§ **DATASET EXTRACT**:
▼

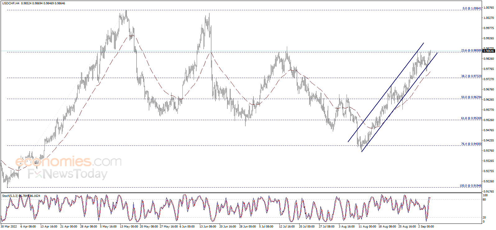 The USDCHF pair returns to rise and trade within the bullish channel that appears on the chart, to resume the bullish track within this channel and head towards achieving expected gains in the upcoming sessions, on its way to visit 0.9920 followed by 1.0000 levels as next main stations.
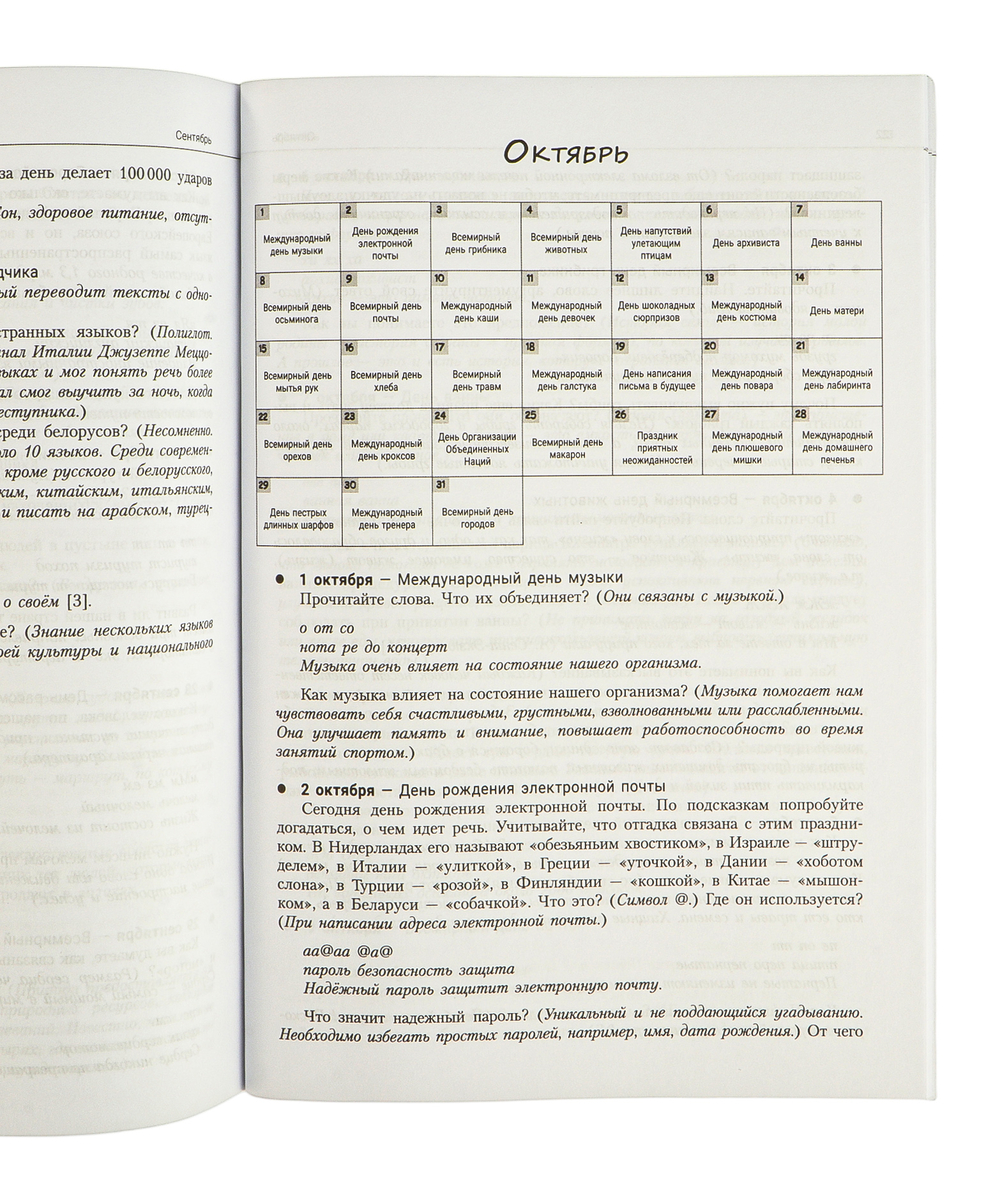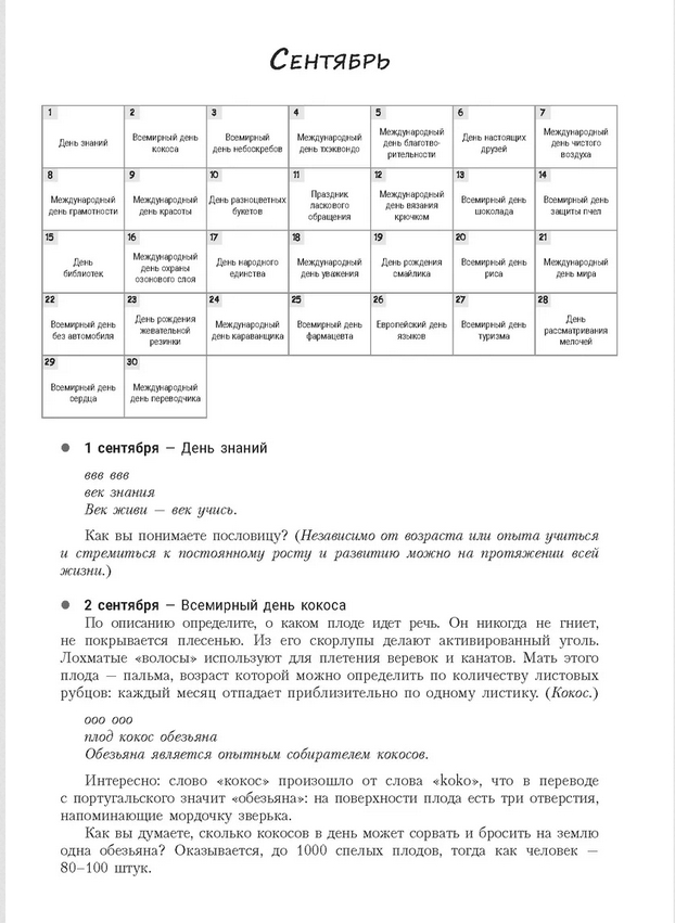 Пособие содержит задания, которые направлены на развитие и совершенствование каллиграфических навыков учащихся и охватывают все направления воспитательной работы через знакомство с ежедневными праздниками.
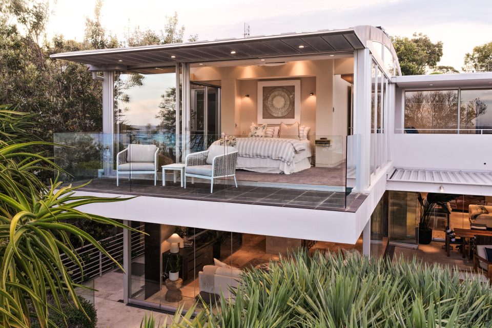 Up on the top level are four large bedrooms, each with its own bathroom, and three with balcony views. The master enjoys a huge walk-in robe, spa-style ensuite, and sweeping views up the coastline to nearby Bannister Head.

▲

§ **ACTIVITY**: Quote the material exactly. Pictures stay out.

§ **SOLUTION FOR THIS PROBLEM**:
 The USDCHF pair returns to rise and trade within the bullish channel that appears on the chart, to resume the bullish track within this channel and head towards achieving expected gains in the upcoming sessions, on its way to visit 0.9920 followed by 1.0000 levels as next main stations.
 Пособие содержит задания, которые направлены на развитие и совершенствование каллиграфических навыков учащихся и охватывают все направления воспитательной работы через знакомство с ежедневными праздниками.
 Up on the top level are four large bedrooms, each with its own bathroom, and three with balcony views. The master enjoys a huge walk-in robe, spa-style ensuite, and sweeping views up the coastline to nearby Bannister Head.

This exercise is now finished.